Task brief: Copy out the data below from the line containing "英文标题:A myasthenia gravis" to the line containing "1) (Image 2)", both lines included, with all images left out.

Dataset:
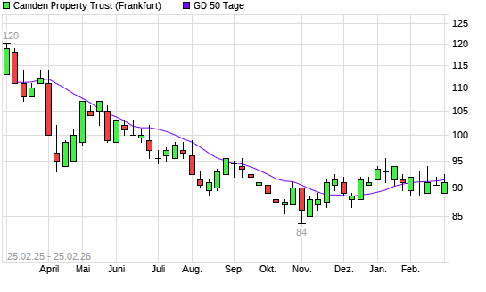 Mit dem Anstieg auf 92,00 EUR hat die CAMDEN PROPERTY TRUST-Aktie am 24.02.2026 die 50-Tage-Linie nach oben gekreuzt.
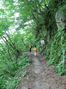 木が斜めに茂って谷底が見えないので、さほど怖くないが左側はずっと断崖絶壁。
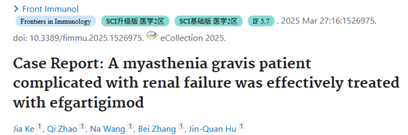 英文标题:A myasthenia gravis patient complicated with renal failure was effectively treated with efgartigimod
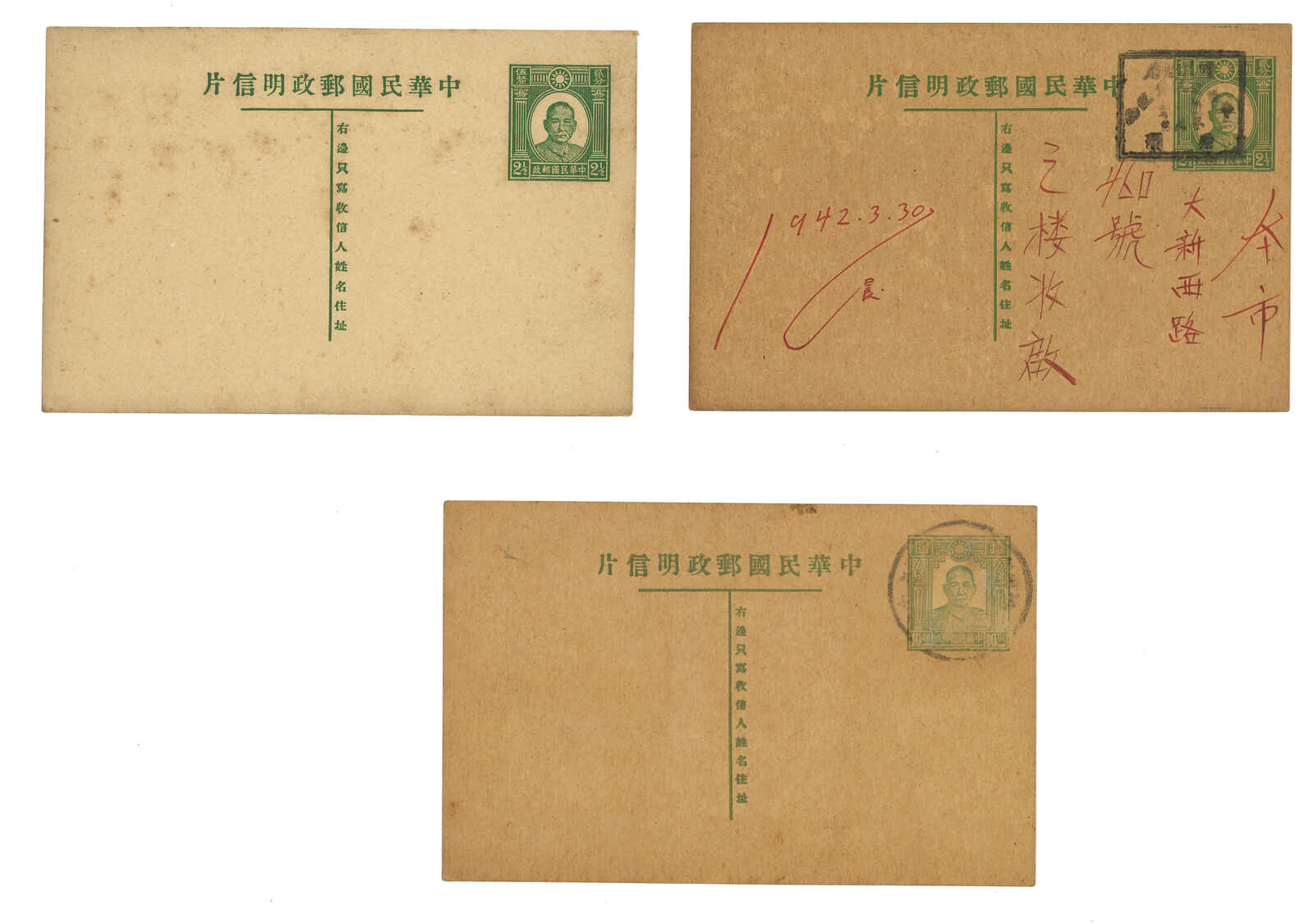 1942.3.30 孫像2分5厘郵資片,銷“國民政府 / 還都二週年紀念 / 廣州”紀念方戳,寄廣州本埠。另附兩件2分5厘及10元片。(Image 1) (Image 2)
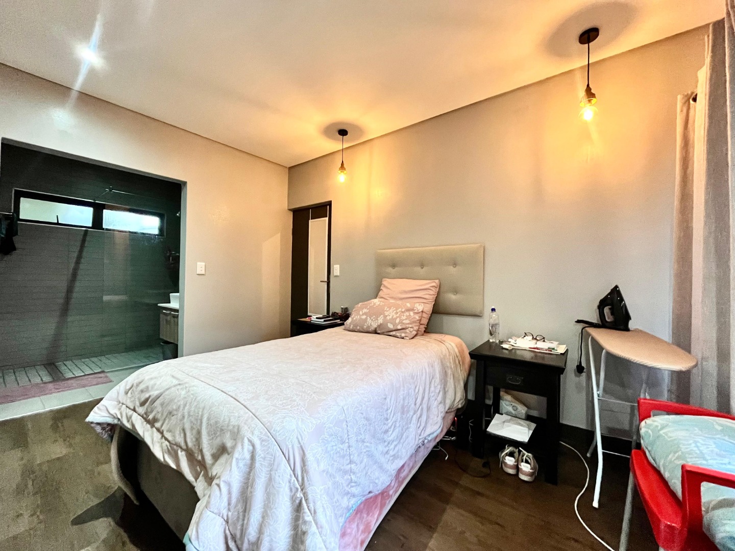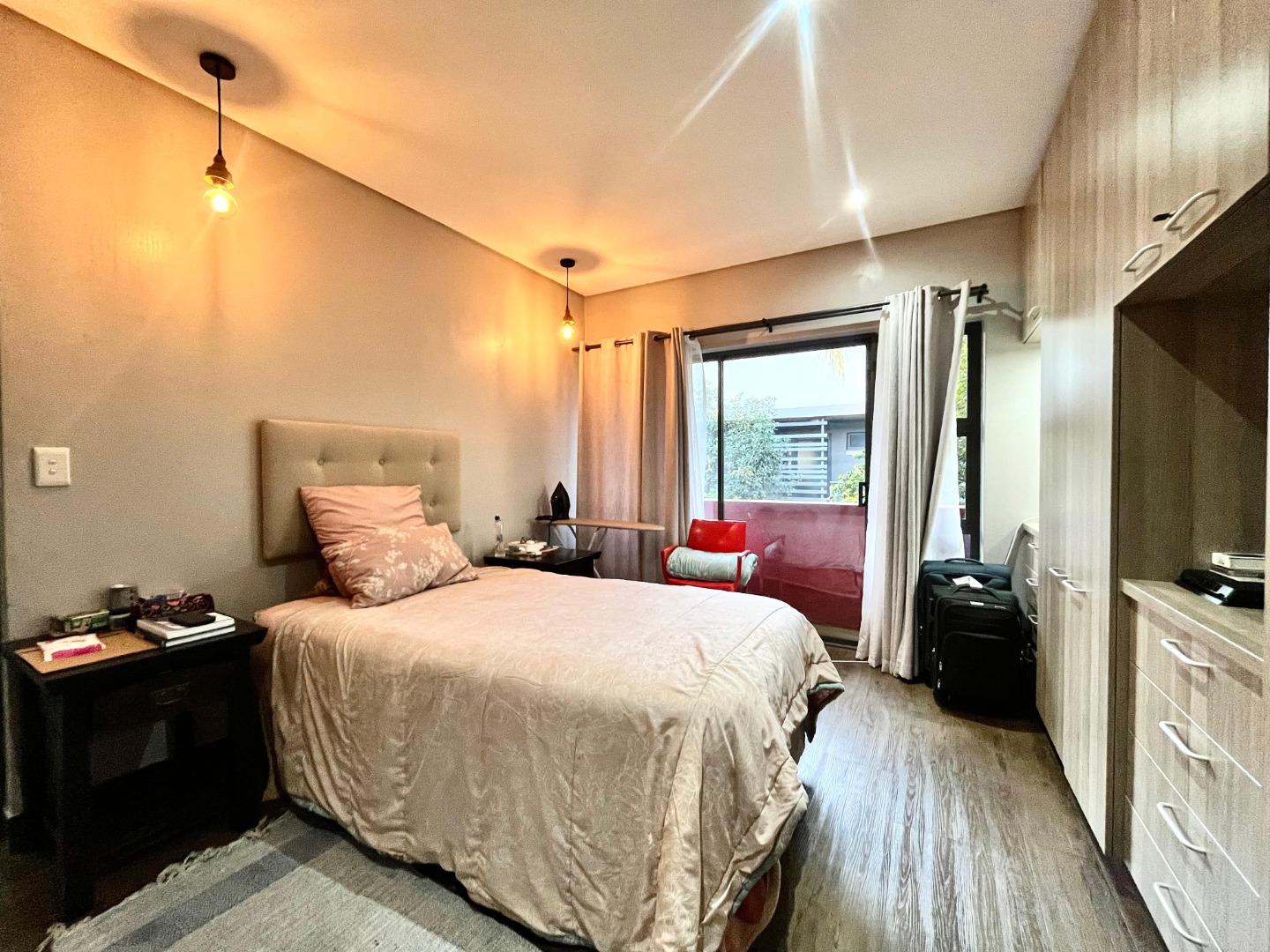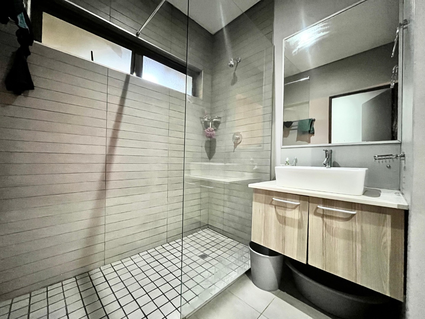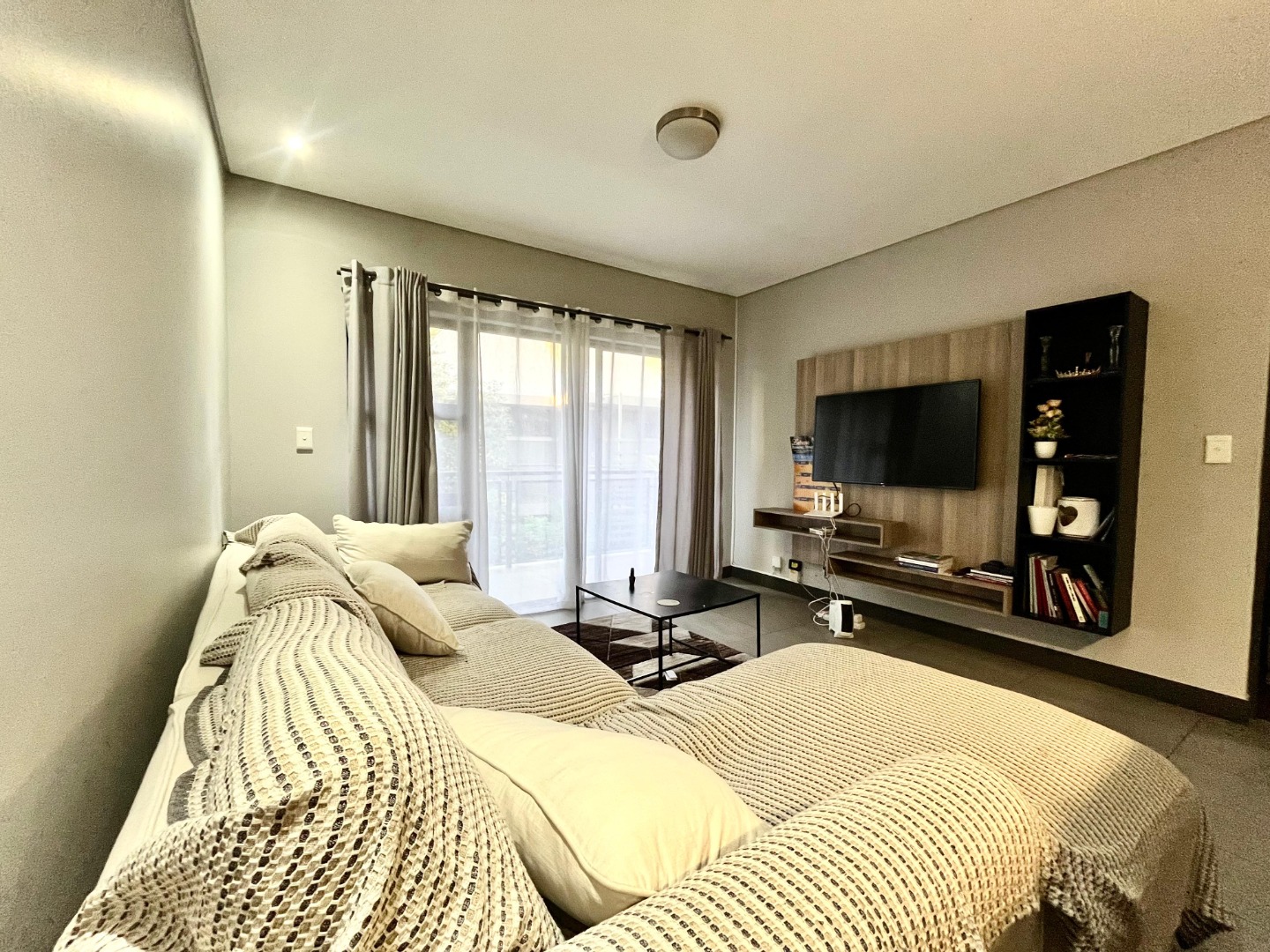Experience contemporary urban living in this stylish 1-bedroom, 1-bathroom apartment, perfectly located in a secure complex in Menlo Park, Pretoria. Ideal for professionals or investors, this 58 sqm unit features an open-plan living area with tiled flooring, a built-in entertainment unit, and large glass doors opening to a private balcony. The modern kitchen includes integrated appliances—oven, microwave, fridge, and washing machine—with a handy breakfast bar. The bedroom offers built-in wardrobes, wood-look flooring, and balcony access. The en-suite bathroom boasts a walk-in shower and sleek finishes. The complex offers 24-hour security, CCTV, electric fencing, fibre readiness, and a dedicated parking bay.
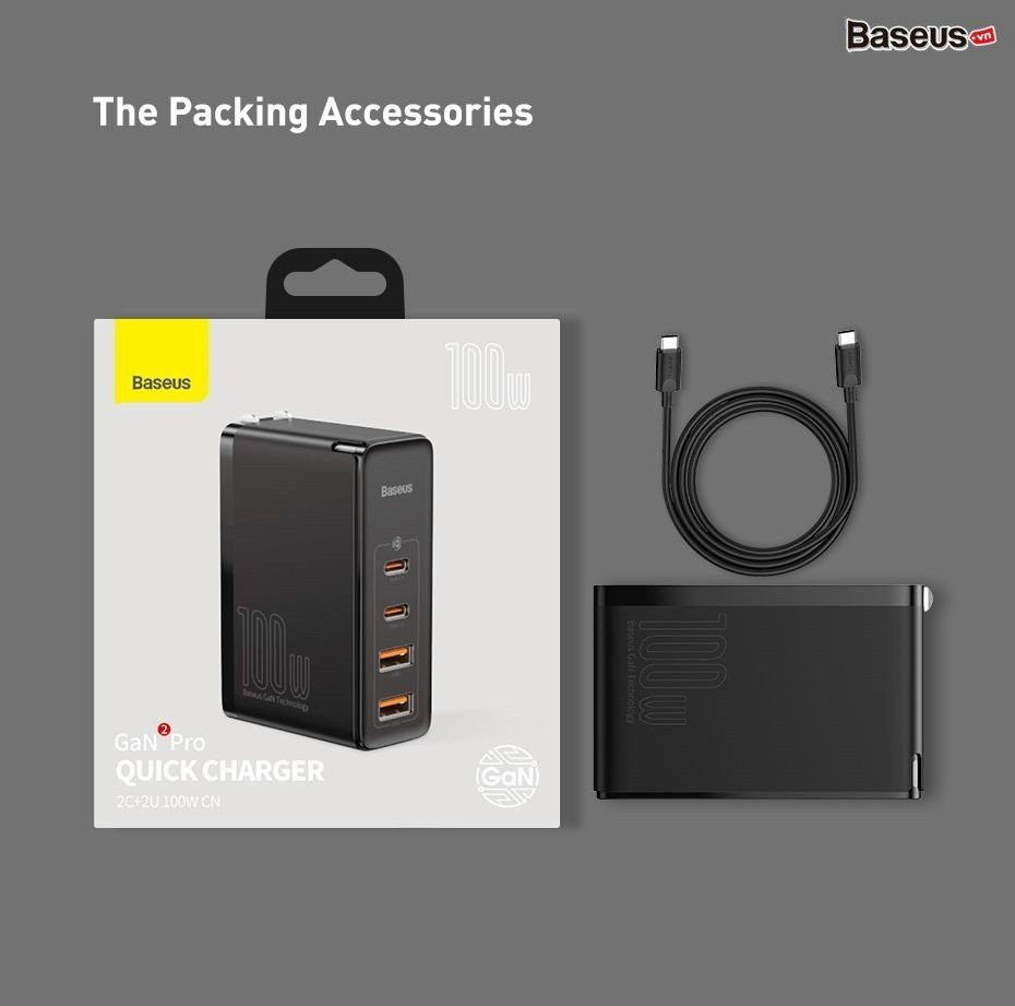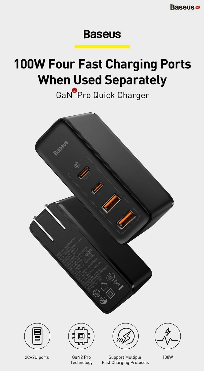 Giới thiệu Bộ sạc nhanh Baseus GaN2 Pro Quick Charger 4 Ports (100W, C*2+U*2)

The answer:
 英文标题:A myasthenia gravis patient complicated with renal failure was effectively treated with efgartigimod
 1942.3.30 孫像2分5厘郵資片,銷“國民政府 / 還都二週年紀念 / 廣州”紀念方戳,寄廣州本埠。另附兩件2分5厘及10元片。(Image 1) (Image 2)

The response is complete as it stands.